Exercise description:
The output should be the records themselves, given again exactly.

╭──

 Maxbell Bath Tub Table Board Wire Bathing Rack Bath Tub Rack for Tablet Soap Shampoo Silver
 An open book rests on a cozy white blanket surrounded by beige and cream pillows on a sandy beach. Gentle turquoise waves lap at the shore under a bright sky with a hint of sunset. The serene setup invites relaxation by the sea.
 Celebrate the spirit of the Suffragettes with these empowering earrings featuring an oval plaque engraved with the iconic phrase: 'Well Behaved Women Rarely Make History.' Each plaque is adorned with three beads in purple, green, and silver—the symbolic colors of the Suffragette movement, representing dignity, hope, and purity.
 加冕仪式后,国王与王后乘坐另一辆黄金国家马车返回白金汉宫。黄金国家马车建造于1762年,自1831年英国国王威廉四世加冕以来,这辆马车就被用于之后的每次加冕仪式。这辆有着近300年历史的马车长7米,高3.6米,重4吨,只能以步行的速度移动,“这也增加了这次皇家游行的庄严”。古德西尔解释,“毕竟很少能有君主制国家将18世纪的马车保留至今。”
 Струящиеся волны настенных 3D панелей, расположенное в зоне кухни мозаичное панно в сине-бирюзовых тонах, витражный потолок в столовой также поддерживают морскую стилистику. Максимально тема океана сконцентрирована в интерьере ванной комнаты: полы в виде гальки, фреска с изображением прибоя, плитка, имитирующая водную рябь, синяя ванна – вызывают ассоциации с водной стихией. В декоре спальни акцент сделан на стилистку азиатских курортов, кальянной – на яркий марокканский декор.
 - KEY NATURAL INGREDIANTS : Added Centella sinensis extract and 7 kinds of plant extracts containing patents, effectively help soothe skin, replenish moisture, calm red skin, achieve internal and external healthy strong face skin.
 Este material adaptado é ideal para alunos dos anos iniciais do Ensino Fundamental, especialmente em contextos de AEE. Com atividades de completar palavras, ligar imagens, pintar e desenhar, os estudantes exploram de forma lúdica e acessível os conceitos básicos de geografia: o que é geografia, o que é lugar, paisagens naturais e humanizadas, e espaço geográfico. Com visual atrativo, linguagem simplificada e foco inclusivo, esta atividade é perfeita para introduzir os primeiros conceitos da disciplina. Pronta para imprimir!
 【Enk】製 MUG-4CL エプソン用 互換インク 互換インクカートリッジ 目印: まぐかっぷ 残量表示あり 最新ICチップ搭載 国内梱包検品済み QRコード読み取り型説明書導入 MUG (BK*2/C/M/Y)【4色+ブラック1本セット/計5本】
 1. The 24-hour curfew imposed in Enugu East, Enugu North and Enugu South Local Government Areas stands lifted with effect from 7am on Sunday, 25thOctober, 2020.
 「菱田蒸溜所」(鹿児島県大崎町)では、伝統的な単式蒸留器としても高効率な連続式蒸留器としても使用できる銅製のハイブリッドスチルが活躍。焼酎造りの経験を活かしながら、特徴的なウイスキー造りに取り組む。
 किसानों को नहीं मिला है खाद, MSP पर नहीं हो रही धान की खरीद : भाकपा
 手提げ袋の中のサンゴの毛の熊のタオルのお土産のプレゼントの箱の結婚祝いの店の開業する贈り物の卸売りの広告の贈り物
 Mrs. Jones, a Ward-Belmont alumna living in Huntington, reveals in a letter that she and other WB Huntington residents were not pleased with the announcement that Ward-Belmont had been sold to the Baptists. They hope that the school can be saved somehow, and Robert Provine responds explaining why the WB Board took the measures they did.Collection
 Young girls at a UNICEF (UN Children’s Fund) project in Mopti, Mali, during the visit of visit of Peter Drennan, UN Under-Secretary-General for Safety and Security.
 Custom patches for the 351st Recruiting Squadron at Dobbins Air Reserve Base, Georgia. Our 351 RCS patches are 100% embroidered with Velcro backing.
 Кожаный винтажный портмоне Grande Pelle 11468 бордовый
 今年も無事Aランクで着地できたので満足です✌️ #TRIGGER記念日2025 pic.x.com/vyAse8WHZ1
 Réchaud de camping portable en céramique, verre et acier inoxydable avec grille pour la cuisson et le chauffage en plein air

╰──

Written response:
 Maxbell Bath Tub Table Board Wire Bathing Rack Bath Tub Rack for Tablet Soap Shampoo Silver
 An open book rests on a cozy white blanket surrounded by beige and cream pillows on a sandy beach. Gentle turquoise waves lap at the shore under a bright sky with a hint of sunset. The serene setup invites relaxation by the sea.
 Celebrate the spirit of the Suffragettes with these empowering earrings featuring an oval plaque engraved with the iconic phrase: 'Well Behaved Women Rarely Make History.' Each plaque is adorned with three beads in purple, green, and silver—the symbolic colors of the Suffragette movement, representing dignity, hope, and purity.
 加冕仪式后,国王与王后乘坐另一辆黄金国家马车返回白金汉宫。黄金国家马车建造于1762年,自1831年英国国王威廉四世加冕以来,这辆马车就被用于之后的每次加冕仪式。这辆有着近300年历史的马车长7米,高3.6米,重4吨,只能以步行的速度移动,“这也增加了这次皇家游行的庄严”。古德西尔解释,“毕竟很少能有君主制国家将18世纪的马车保留至今。”
 Струящиеся волны настенных 3D панелей, расположенное в зоне кухни мозаичное панно в сине-бирюзовых тонах, витражный потолок в столовой также поддерживают морскую стилистику. Максимально тема океана сконцентрирована в интерьере ванной комнаты: полы в виде гальки, фреска с изображением прибоя, плитка, имитирующая водную рябь, синяя ванна – вызывают ассоциации с водной стихией. В декоре спальни акцент сделан на стилистку азиатских курортов, кальянной – на яркий марокканский декор.
 - KEY NATURAL INGREDIANTS : Added Centella sinensis extract and 7 kinds of plant extracts containing patents, effectively help soothe skin, replenish moisture, calm red skin, achieve internal and external healthy strong face skin.
 Este material adaptado é ideal para alunos dos anos iniciais do Ensino Fundamental, especialmente em contextos de AEE. Com atividades de completar palavras, ligar imagens, pintar e desenhar, os estudantes exploram de forma lúdica e acessível os conceitos básicos de geografia: o que é geografia, o que é lugar, paisagens naturais e humanizadas, e espaço geográfico. Com visual atrativo, linguagem simplificada e foco inclusivo, esta atividade é perfeita para introduzir os primeiros conceitos da disciplina. Pronta para imprimir!
 【Enk】製 MUG-4CL エプソン用 互換インク 互換インクカートリッジ 目印: まぐかっぷ 残量表示あり 最新ICチップ搭載 国内梱包検品済み QRコード読み取り型説明書導入 MUG (BK*2/C/M/Y)【4色+ブラック1本セット/計5本】
 1. The 24-hour curfew imposed in Enugu East, Enugu North and Enugu South Local Government Areas stands lifted with effect from 7am on Sunday, 25thOctober, 2020.
 「菱田蒸溜所」(鹿児島県大崎町)では、伝統的な単式蒸留器としても高効率な連続式蒸留器としても使用できる銅製のハイブリッドスチルが活躍。焼酎造りの経験を活かしながら、特徴的なウイスキー造りに取り組む。
 किसानों को नहीं मिला है खाद, MSP पर नहीं हो रही धान की खरीद : भाकपा
 手提げ袋の中のサンゴの毛の熊のタオルのお土産のプレゼントの箱の結婚祝いの店の開業する贈り物の卸売りの広告の贈り物
 Mrs. Jones, a Ward-Belmont alumna living in Huntington, reveals in a letter that she and other WB Huntington residents were not pleased with the announcement that Ward-Belmont had been sold to the Baptists. They hope that the school can be saved somehow, and Robert Provine responds explaining why the WB Board took the measures they did.Collection
 Young girls at a UNICEF (UN Children’s Fund) project in Mopti, Mali, during the visit of visit of Peter Drennan, UN Under-Secretary-General for Safety and Security.
 Custom patches for the 351st Recruiting Squadron at Dobbins Air Reserve Base, Georgia. Our 351 RCS patches are 100% embroidered with Velcro backing.
 Кожаный винтажный портмоне Grande Pelle 11468 бордовый
 今年も無事Aランクで着地できたので満足です✌️ #TRIGGER記念日2025 pic.x.com/vyAse8WHZ1
 Réchaud de camping portable en céramique, verre et acier inoxydable avec grille pour la cuisson et le chauffage en plein air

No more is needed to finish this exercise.